Now, that’s not to say that raw data access and writing SQL don’t have their place. It’s about enabling product and marketing to answer 90% of the questions they have themselves in an analytics platform. The really exciting, complex stuff — the other 10% — is still incredibly important, and it’s where your data scientists can shine.
Your data scientists waste time on “janitor work”
Choosing to build analytics means that your data scientists and engineers do more grunt work, and less core data science work. As Porterfield says, “Data teams too often create bottlenecks for the rest of the company. IT shouldn’t be doing the work of librarians, retrieving and interpreting data for those requesting it.”
Choosing to build analytics means that your data scientists do more grunt work, and less data science work.
In addition, engineers will need to spend time building and maintaining the data pipeline infrastructure over time. All of that data “janitor work” is a big time suck; in fact, data munging takes up 50-80% of data scientists’ time.
Instead, imagine a scenario where the data pipeline and infrastructure is completely taken care of by a third party. No one has to spend time or money to constantly maintain it, and on top of that, everyone can answer their own questions. Think about how much time your data scientists now have to focus on complex insights and problems.
Still thinking about it?
Whether you’re evaluating an in-house or third-party platform, here are a few questions to ask yourself:
- Who in your company needs access to this data?
- For those people, does this system make it easy for them to explore the data ad-hoc, visualize the data, and develop their own insights?
- (This one is specifically for evaluating third-party systems). Can you access the raw data, and in what format? Does it require running custom scripts and data cleanup to extract this data yourself and get it in a query-ready format, or is there an option for data pipeline and warehousing?
An alternative to building in-house
If you’re considering a third-party analytics solution, you probably already know that there are a ton to choose from. Many of you may be familiar with self-service analytics tools like Google Analytics and Mixpanel. While these meet the basic needs of the non-technical end user, you can’t dig very deep, which means additional custom analysis will be required. However, actually getting the raw data out to do that analysis is a huge pain; you’ll either need to devote resources to extracting and transforming this data, or collect the same data separately into a Redshift cluster — neither of which is an ideal setup. You deserve better.
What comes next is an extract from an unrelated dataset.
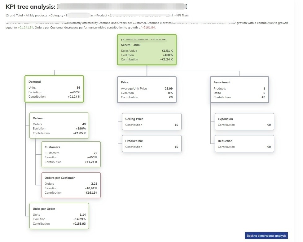This analysis helps you understand how changes in metrics like demand, price, and assortment influence your sales the most.
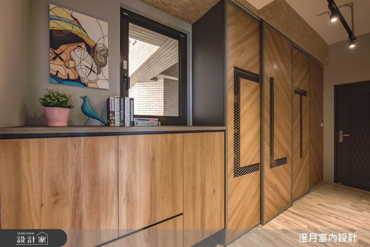 進入玄關處,可以看見一整面的木質置物鞋櫃,超大收納空間是為容納三位女主人各樣鞋款而設計,而門片選擇斜貼木皮開孔夾擴張網,不只可達櫃體的通風效果,擴張網上的英文字母更代表女兒名字的縮寫,三個大寫英文更堅固三人對家的歸屬感。

Unlike other analytics solutions, Amplitude combines a flexible, intuitive analytics platform with raw SQL access via Redshift. This gives you the flexibility to work with the data however you want. Your marketing and product teams can use the Amplitude interface to answer the vast majority of their questions and track their core metrics. At the same time, you get instant access to your data in a dedicated Redshift cluster that we maintain – all you have to do is log in. You can connect any SQL editor or visualization tool on top of your cluster, like Wagon, Looker, or Mode.
Create a culture of data
I don’t think I need to convince anyone on the importance of making sound business decisions based off data insights. But is your company currently set up to do that? Does everyone have access to data? Can they understand what the data means for their own goals as well as the company’s core metrics?
Your choice of analytics platform, whether you’re building in-house or buying third-party, has huge ripple effects on how your company operates, and ultimately on your company’s success.